Exercise description
Restate word for word the lines of the entries below, starting with the line that holds "清一色褚红色服装和红色彩绘、" and ending with the line that holds "SDK在这:系统会默认给出一个应用,当然,您也可以自己创建一个应用。", and no others.

Source data
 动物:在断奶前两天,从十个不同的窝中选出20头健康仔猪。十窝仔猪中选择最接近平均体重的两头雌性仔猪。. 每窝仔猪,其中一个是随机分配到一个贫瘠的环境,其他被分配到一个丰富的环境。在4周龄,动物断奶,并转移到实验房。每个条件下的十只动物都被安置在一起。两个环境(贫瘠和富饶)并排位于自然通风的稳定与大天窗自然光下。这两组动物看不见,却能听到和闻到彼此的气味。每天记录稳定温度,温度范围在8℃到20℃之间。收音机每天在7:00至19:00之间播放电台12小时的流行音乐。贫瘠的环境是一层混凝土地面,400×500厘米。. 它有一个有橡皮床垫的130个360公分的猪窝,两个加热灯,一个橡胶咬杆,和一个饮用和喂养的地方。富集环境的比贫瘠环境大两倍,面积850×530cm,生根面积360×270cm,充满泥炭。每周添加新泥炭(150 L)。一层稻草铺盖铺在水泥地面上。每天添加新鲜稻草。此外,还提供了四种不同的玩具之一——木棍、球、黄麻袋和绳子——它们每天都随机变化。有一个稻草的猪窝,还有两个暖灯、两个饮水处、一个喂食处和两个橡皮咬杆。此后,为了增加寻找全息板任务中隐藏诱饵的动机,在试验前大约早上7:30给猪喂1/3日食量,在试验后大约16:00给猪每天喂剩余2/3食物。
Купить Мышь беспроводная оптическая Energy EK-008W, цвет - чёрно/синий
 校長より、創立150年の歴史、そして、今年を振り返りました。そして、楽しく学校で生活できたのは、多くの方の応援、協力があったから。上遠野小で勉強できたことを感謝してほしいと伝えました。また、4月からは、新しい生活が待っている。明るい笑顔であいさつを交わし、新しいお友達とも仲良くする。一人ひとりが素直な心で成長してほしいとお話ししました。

...

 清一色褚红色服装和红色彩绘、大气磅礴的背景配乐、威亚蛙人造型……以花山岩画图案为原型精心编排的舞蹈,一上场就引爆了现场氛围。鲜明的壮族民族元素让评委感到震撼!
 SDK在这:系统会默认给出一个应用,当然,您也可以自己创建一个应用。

==

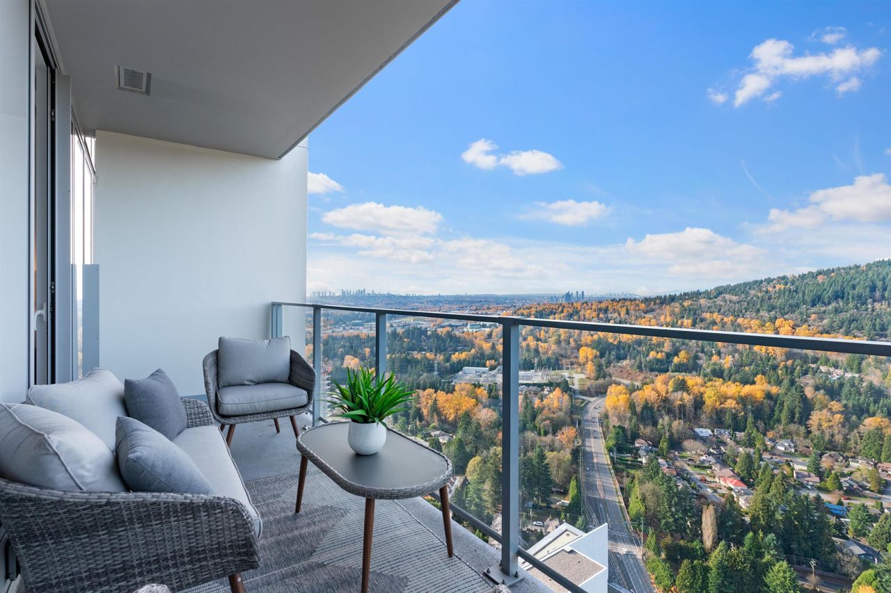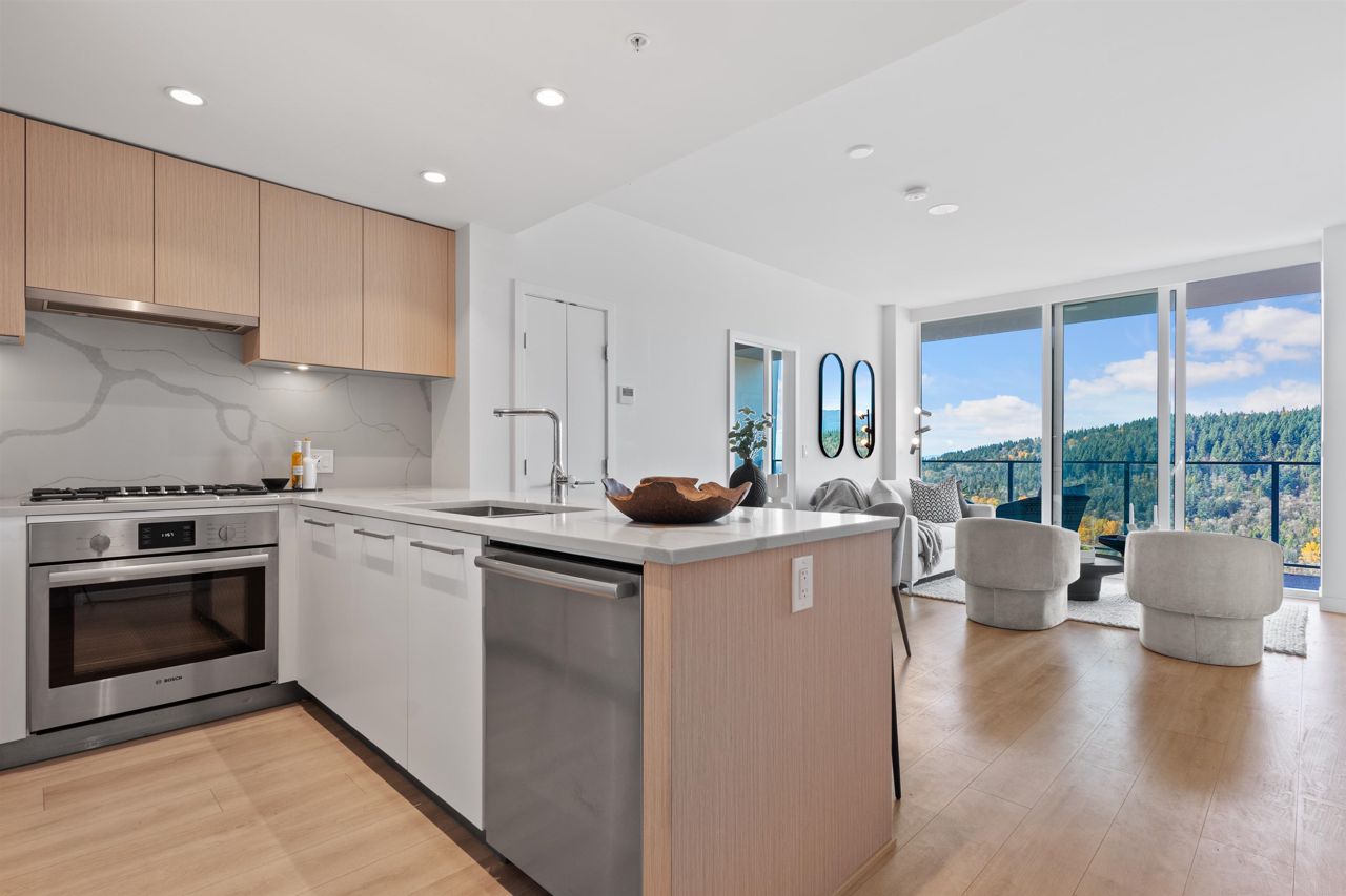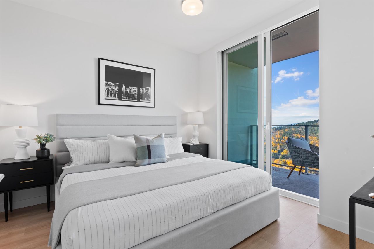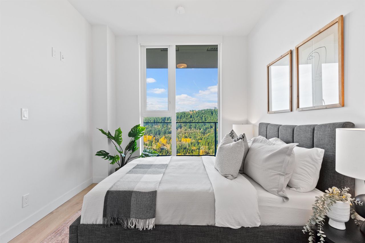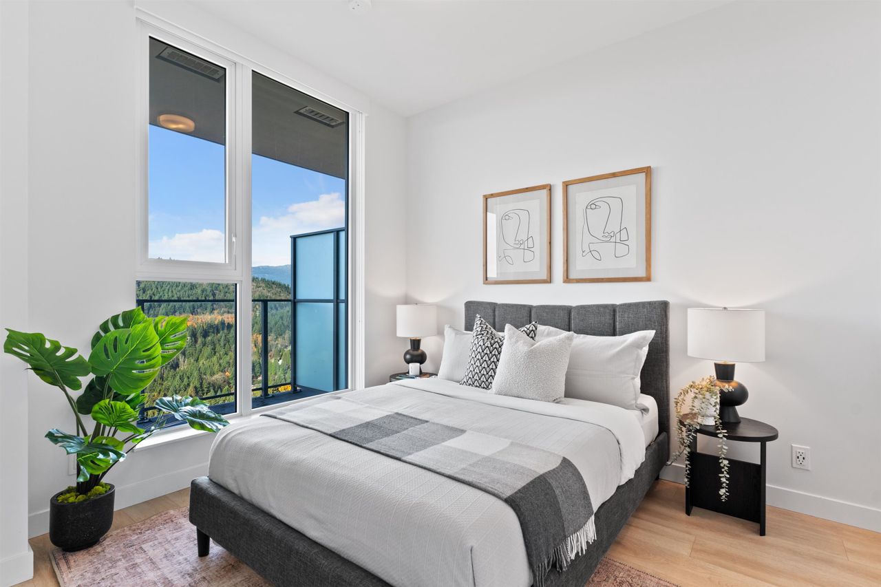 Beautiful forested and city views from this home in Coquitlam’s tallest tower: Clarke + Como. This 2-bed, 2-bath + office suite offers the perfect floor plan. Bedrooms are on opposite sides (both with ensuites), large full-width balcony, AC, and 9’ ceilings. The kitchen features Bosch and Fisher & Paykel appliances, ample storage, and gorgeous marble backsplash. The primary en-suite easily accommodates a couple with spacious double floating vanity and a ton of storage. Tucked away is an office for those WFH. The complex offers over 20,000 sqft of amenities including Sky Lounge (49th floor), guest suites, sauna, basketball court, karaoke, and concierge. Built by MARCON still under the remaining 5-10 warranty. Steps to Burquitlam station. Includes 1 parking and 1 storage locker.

Answer for the task
 清一色褚红色服装和红色彩绘、大气磅礴的背景配乐、威亚蛙人造型……以花山岩画图案为原型精心编排的舞蹈,一上场就引爆了现场氛围。鲜明的壮族民族元素让评委感到震撼!
 SDK在这:系统会默认给出一个应用,当然,您也可以自己创建一个应用。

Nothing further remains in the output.